▶ **DIRECTIONS**
Extract, exactly as written, each line from the start of the records below to the line containing "Standardní prodlužovací kabel", both ends included; drop the pictures.
-- Opening Marker --
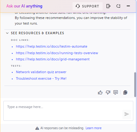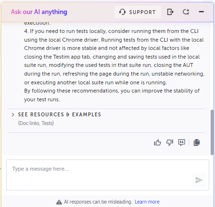 Testim Copilot Help Assistant feature uses generative AI technology to assist users on how to use the software. You can ask questions (using prompts) and receive relevant help information in response. The answers will include the following elements: • A concise summary
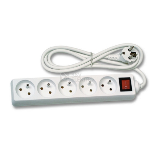 Standardní prodlužovací kabel bílé barvy pro vniřní použití. Je vybaven kolébkovým vypínačem a dětskými clonkami. Zásuvka a vidlice je vyrobena z plastu, izolace z PVC.
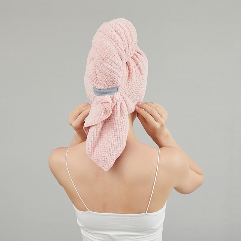 SurPRISE PIE - Toalla de microfibra con correa elástica, toalla de microfibra súper absorbente y suave para el cabello, toallas de cabello para cabello largo, grueso, corto, rizado, anti
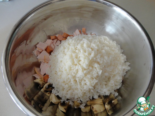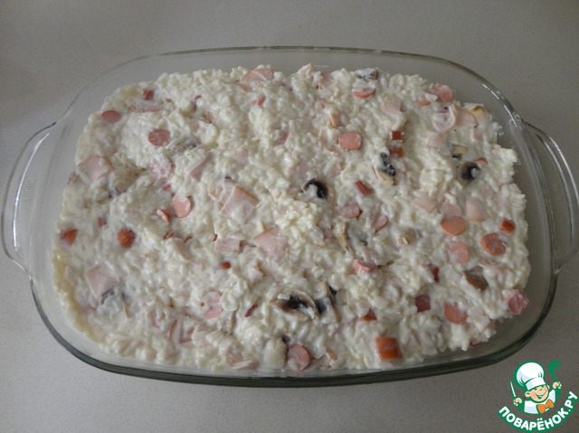 | Честно говоря, мои мальчики не очень хорошо кушают рис. Но это суфле они едят с большим удовольствием. Рис с грибочками, подкопченными сосисками и ветчиной в соусе бешамель с разными сырами... думаю, это придется по душе каждой нехочухе! |
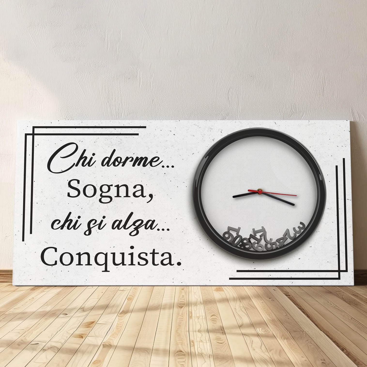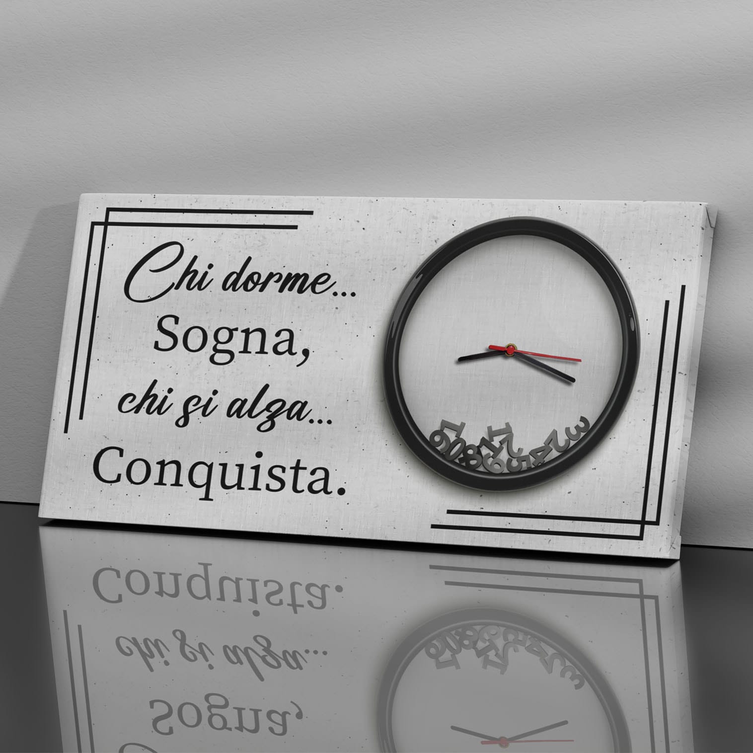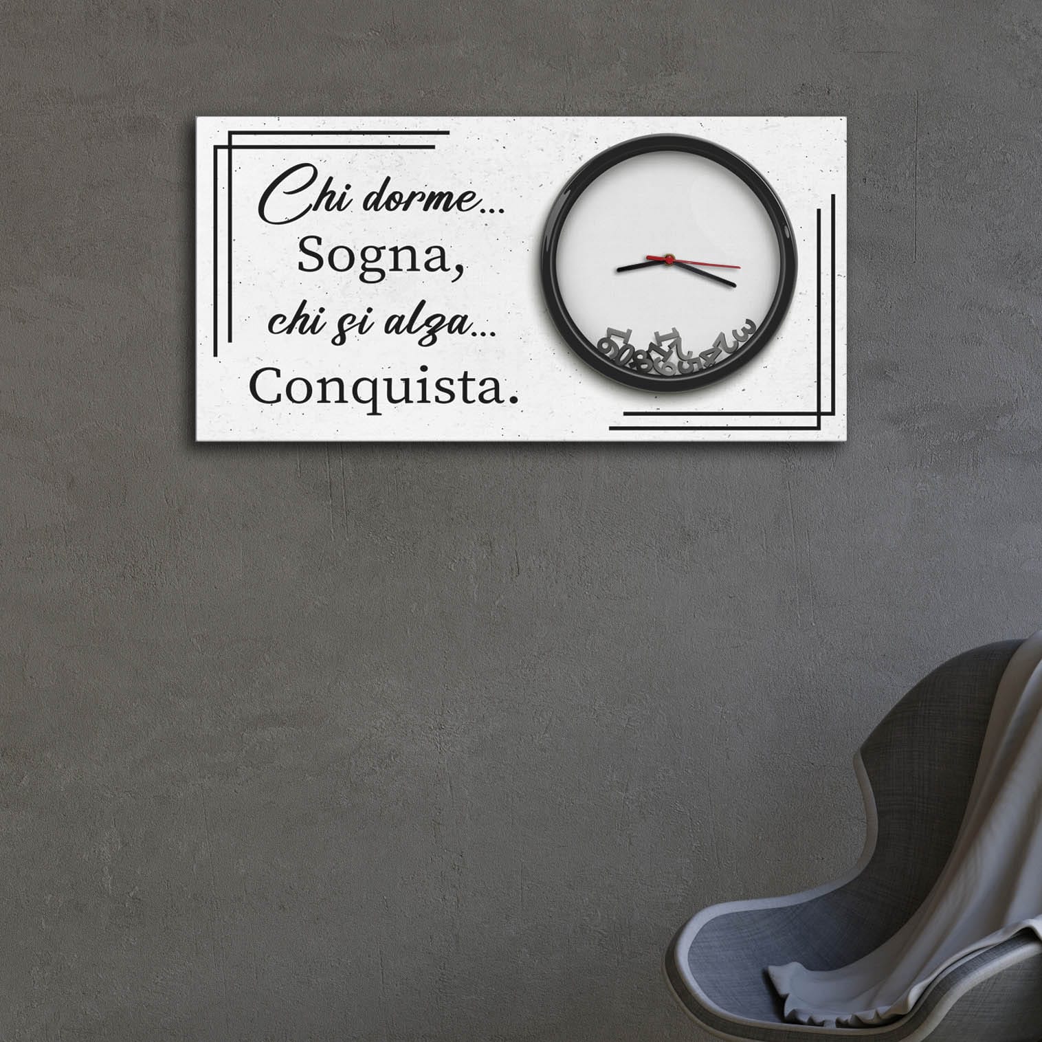 Il quadro orologio da parete con scritta motivazionale combina estetica, funzionalità e ispirazione in un unico prodotto pensato per ambienti moderni e raffinati.
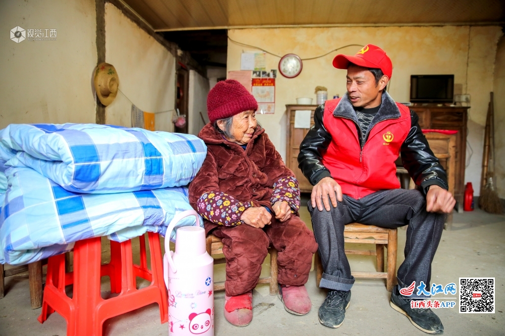 12月25日,峡江县戈坪乡组织党员志愿者深入困难群众家中,为他们清扫庭院、维修用电线路和取暖器,并送上棉被、暖水瓶等过冬物资,让他们感受到冬天里的温暖。
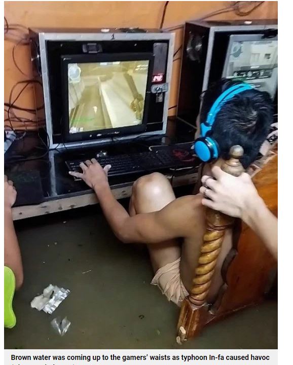 Op beelden van een internetcafé is te zien hoe de jongens zich uitsloven in een multiplayer-spel terwijl modderig regenwater tot aan hun stoelen komt.
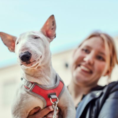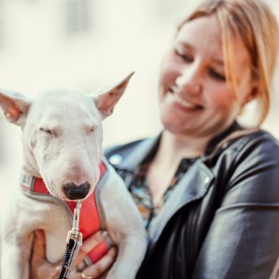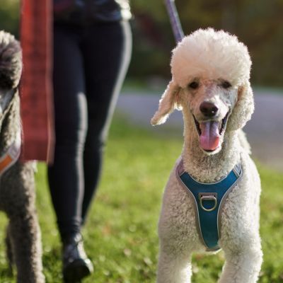 Lauda si recompensarea, cum ar fi o delicatesa atunci cand cainele se opreste sau incetineste, ajuta la dresare cainelui Dvs. pentru a merge in ham si lesa.
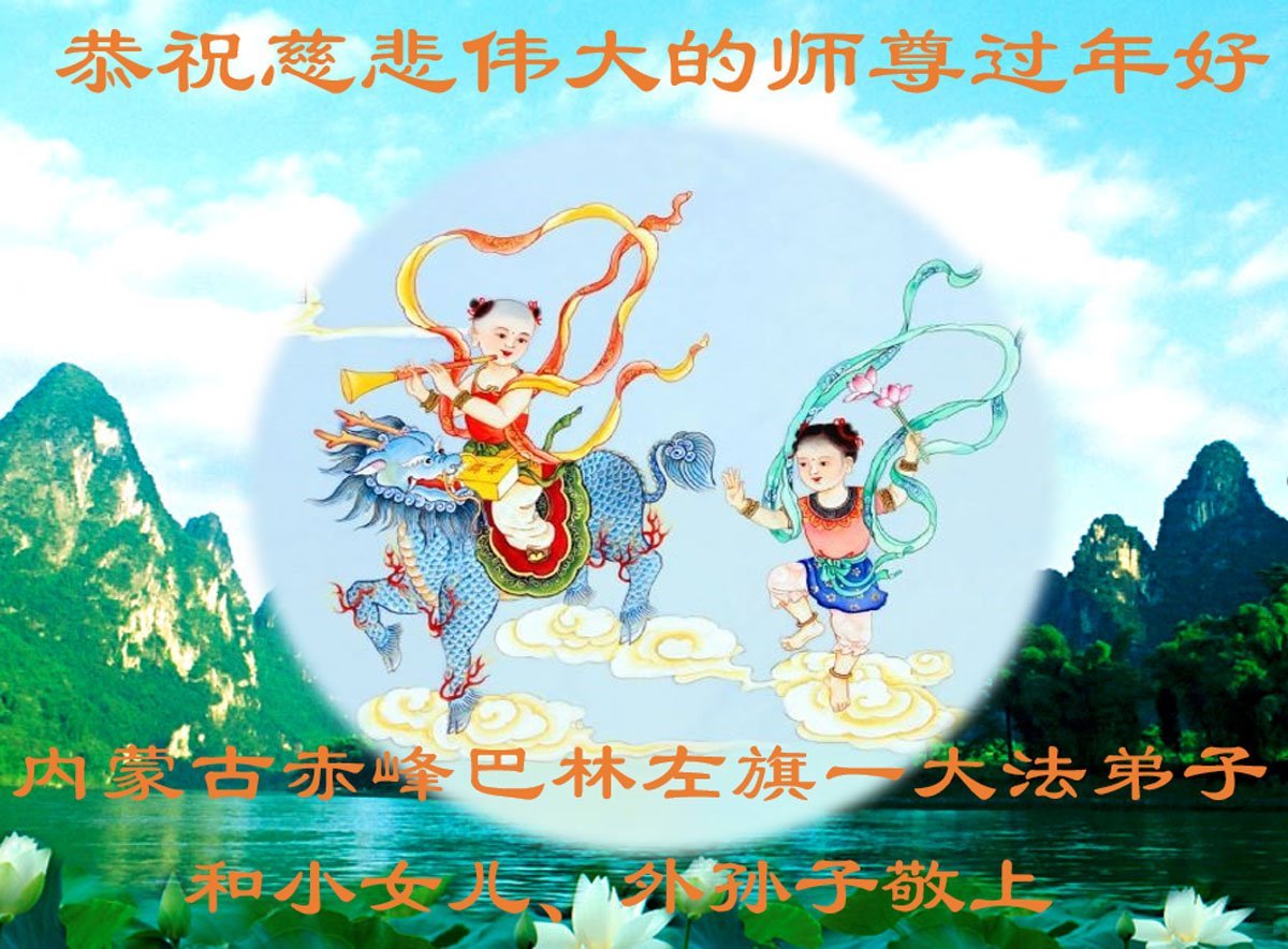 Falun Dafa praktikanti iz autonomne regije Unutrašnja Mongolija s poštovanjem žele Učitelju Li Hongdžiju srećnu kinesku Novu godinu (19 čestitki)
-- Closing Marker --
▶ **RESULT BELOW**
 Testim Copilot Help Assistant feature uses generative AI technology to assist users on how to use the software. You can ask questions (using prompts) and receive relevant help information in response. The answers will include the following elements: • A concise summary
 Standardní prodlužovací kabel bílé barvy pro vniřní použití. Je vybaven kolébkovým vypínačem a dětskými clonkami. Zásuvka a vidlice je vyrobena z plastu, izolace z PVC.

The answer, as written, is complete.